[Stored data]
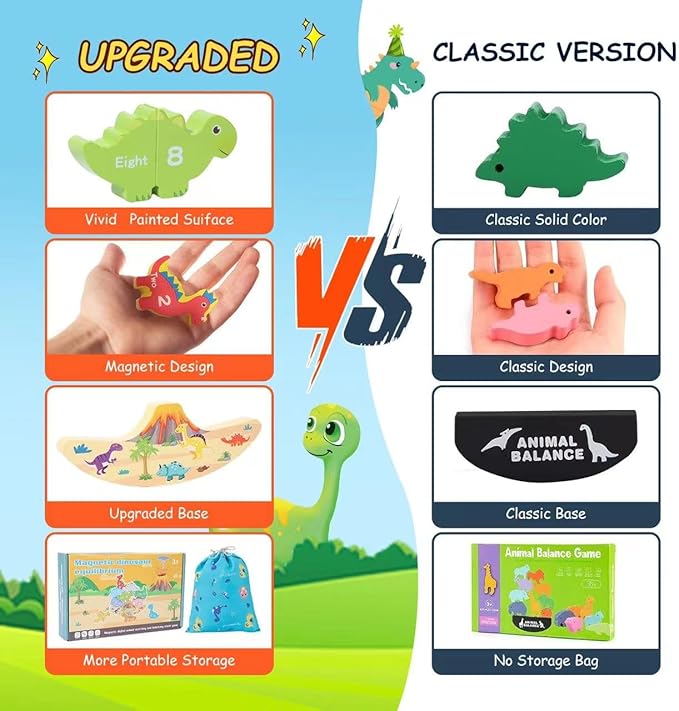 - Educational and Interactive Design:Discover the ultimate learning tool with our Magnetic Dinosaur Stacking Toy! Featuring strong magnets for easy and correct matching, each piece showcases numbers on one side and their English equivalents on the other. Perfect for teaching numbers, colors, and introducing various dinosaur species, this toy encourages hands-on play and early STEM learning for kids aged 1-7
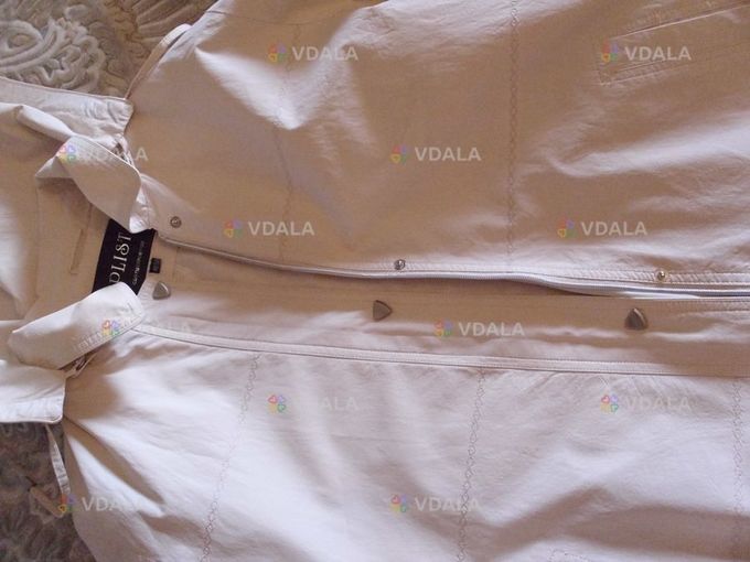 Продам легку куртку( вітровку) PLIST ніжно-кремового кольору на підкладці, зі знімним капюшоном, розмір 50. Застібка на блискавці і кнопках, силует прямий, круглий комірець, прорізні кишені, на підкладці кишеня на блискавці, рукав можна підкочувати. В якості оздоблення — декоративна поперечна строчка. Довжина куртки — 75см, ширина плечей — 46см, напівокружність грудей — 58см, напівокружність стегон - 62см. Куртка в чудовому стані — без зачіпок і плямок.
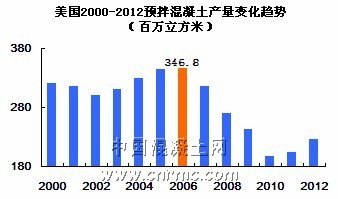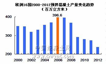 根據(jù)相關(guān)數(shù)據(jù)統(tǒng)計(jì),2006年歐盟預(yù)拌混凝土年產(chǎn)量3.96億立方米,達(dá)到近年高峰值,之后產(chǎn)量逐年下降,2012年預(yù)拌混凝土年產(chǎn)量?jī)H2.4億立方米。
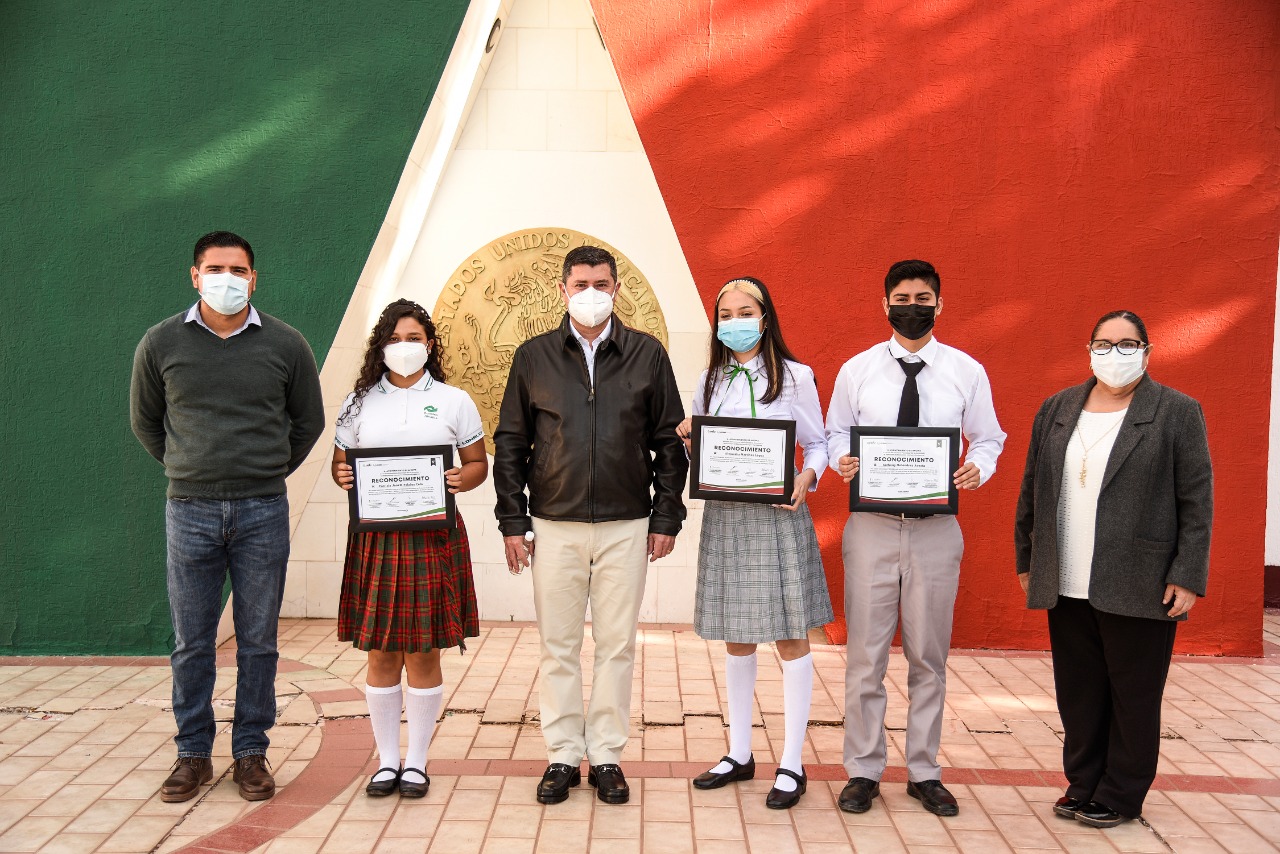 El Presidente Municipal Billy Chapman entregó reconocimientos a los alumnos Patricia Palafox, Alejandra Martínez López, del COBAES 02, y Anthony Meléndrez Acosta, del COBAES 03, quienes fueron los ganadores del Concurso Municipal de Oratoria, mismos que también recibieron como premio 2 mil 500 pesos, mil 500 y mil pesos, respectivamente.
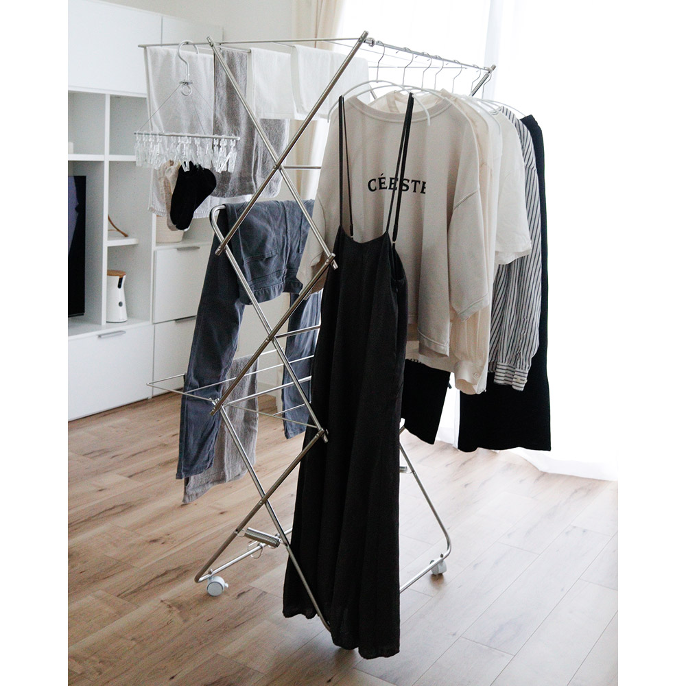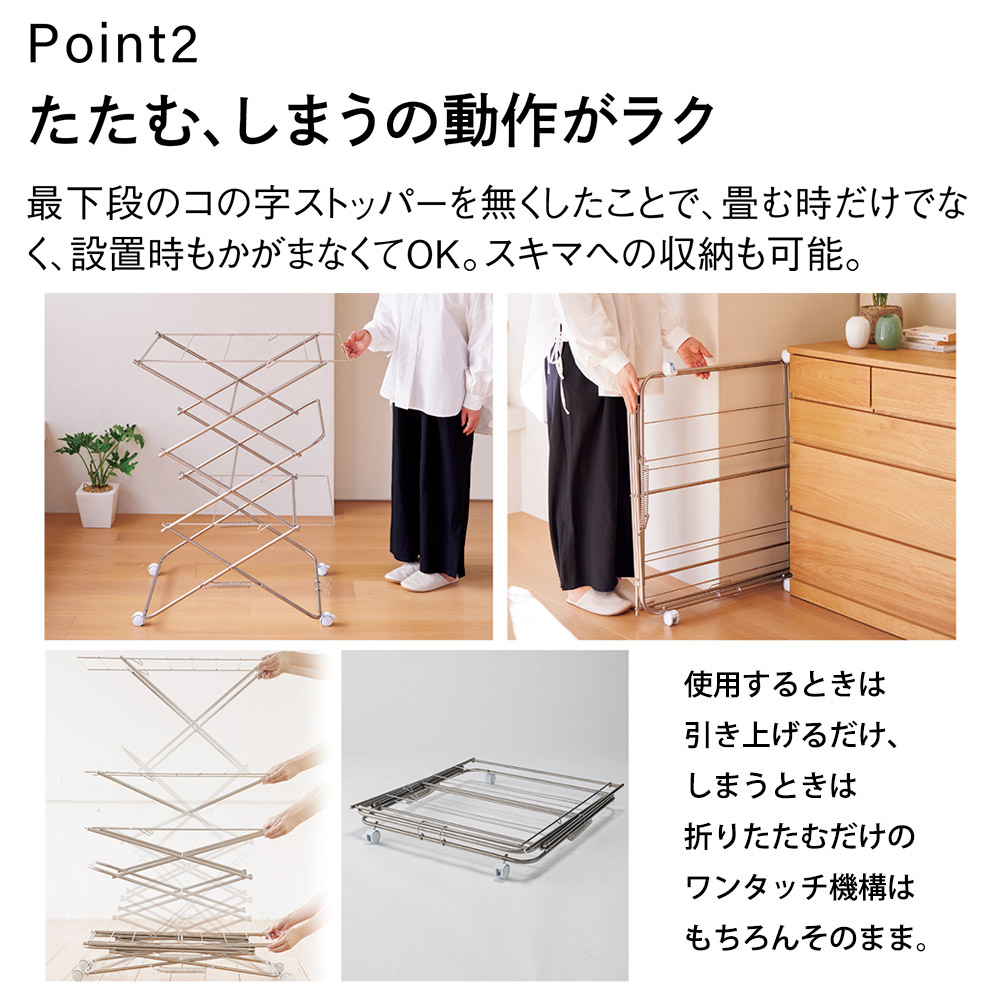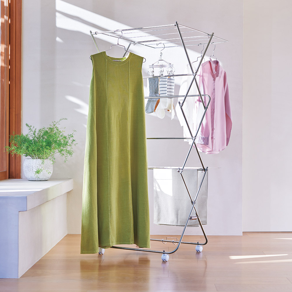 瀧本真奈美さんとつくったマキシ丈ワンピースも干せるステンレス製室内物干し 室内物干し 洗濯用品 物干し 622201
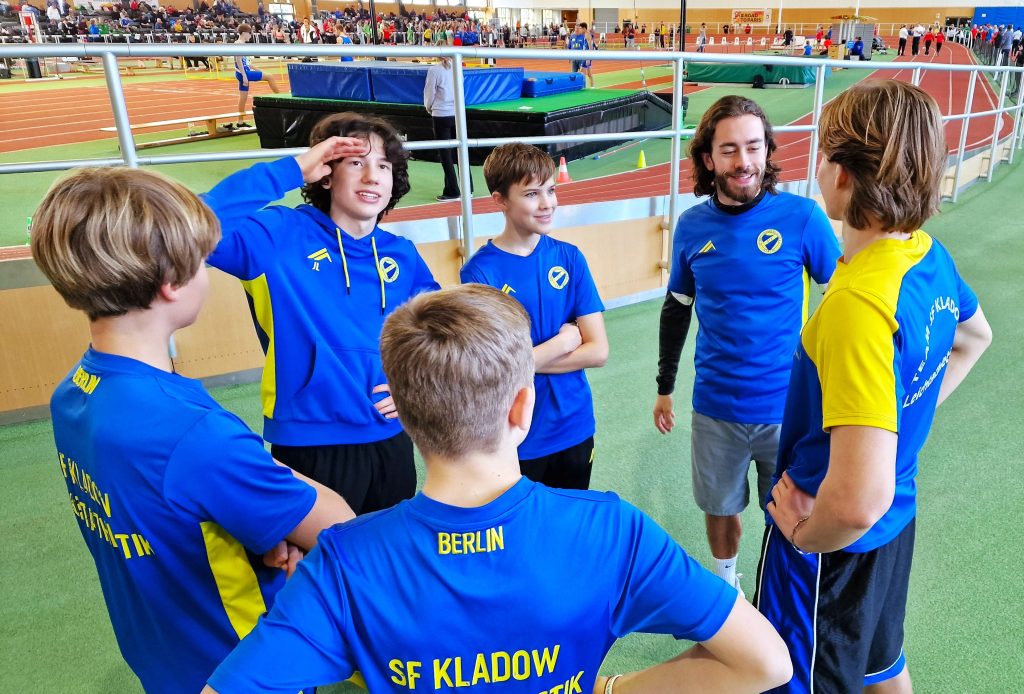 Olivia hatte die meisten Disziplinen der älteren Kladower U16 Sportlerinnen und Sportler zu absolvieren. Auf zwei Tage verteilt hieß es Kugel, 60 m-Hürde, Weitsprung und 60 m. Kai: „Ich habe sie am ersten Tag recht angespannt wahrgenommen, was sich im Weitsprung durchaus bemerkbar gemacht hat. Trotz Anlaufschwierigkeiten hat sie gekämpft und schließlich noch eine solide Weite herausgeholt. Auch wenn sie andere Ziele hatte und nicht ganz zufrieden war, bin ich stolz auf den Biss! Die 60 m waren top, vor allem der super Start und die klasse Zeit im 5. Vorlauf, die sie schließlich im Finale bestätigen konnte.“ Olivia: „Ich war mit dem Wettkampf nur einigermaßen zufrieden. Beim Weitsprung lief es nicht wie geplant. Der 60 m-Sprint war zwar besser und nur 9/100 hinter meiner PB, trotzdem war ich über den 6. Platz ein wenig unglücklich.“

▶ _WHAT IS BEING ASKED_: Copy the records exactly, minus any pictures.

▶ _SOLUTION FOR THIS TASK_:
 - Educational and Interactive Design:Discover the ultimate learning tool with our Magnetic Dinosaur Stacking Toy! Featuring strong magnets for easy and correct matching, each piece showcases numbers on one side and their English equivalents on the other. Perfect for teaching numbers, colors, and introducing various dinosaur species, this toy encourages hands-on play and early STEM learning for kids aged 1-7
 Продам легку куртку( вітровку) PLIST ніжно-кремового кольору на підкладці, зі знімним капюшоном, розмір 50. Застібка на блискавці і кнопках, силует прямий, круглий комірець, прорізні кишені, на підкладці кишеня на блискавці, рукав можна підкочувати. В якості оздоблення — декоративна поперечна строчка. Довжина куртки — 75см, ширина плечей — 46см, напівокружність грудей — 58см, напівокружність стегон - 62см. Куртка в чудовому стані — без зачіпок і плямок.
 根據(jù)相關(guān)數(shù)據(jù)統(tǒng)計(jì),2006年歐盟預(yù)拌混凝土年產(chǎn)量3.96億立方米,達(dá)到近年高峰值,之后產(chǎn)量逐年下降,2012年預(yù)拌混凝土年產(chǎn)量?jī)H2.4億立方米。
 El Presidente Municipal Billy Chapman entregó reconocimientos a los alumnos Patricia Palafox, Alejandra Martínez López, del COBAES 02, y Anthony Meléndrez Acosta, del COBAES 03, quienes fueron los ganadores del Concurso Municipal de Oratoria, mismos que también recibieron como premio 2 mil 500 pesos, mil 500 y mil pesos, respectivamente.
 瀧本真奈美さんとつくったマキシ丈ワンピースも干せるステンレス製室内物干し 室内物干し 洗濯用品 物干し 622201
 Olivia hatte die meisten Disziplinen der älteren Kladower U16 Sportlerinnen und Sportler zu absolvieren. Auf zwei Tage verteilt hieß es Kugel, 60 m-Hürde, Weitsprung und 60 m. Kai: „Ich habe sie am ersten Tag recht angespannt wahrgenommen, was sich im Weitsprung durchaus bemerkbar gemacht hat. Trotz Anlaufschwierigkeiten hat sie gekämpft und schließlich noch eine solide Weite herausgeholt. Auch wenn sie andere Ziele hatte und nicht ganz zufrieden war, bin ich stolz auf den Biss! Die 60 m waren top, vor allem der super Start und die klasse Zeit im 5. Vorlauf, die sie schließlich im Finale bestätigen konnte.“ Olivia: „Ich war mit dem Wettkampf nur einigermaßen zufrieden. Beim Weitsprung lief es nicht wie geplant. Der 60 m-Sprint war zwar besser und nur 9/100 hinter meiner PB, trotzdem war ich über den 6. Platz ein wenig unglücklich.“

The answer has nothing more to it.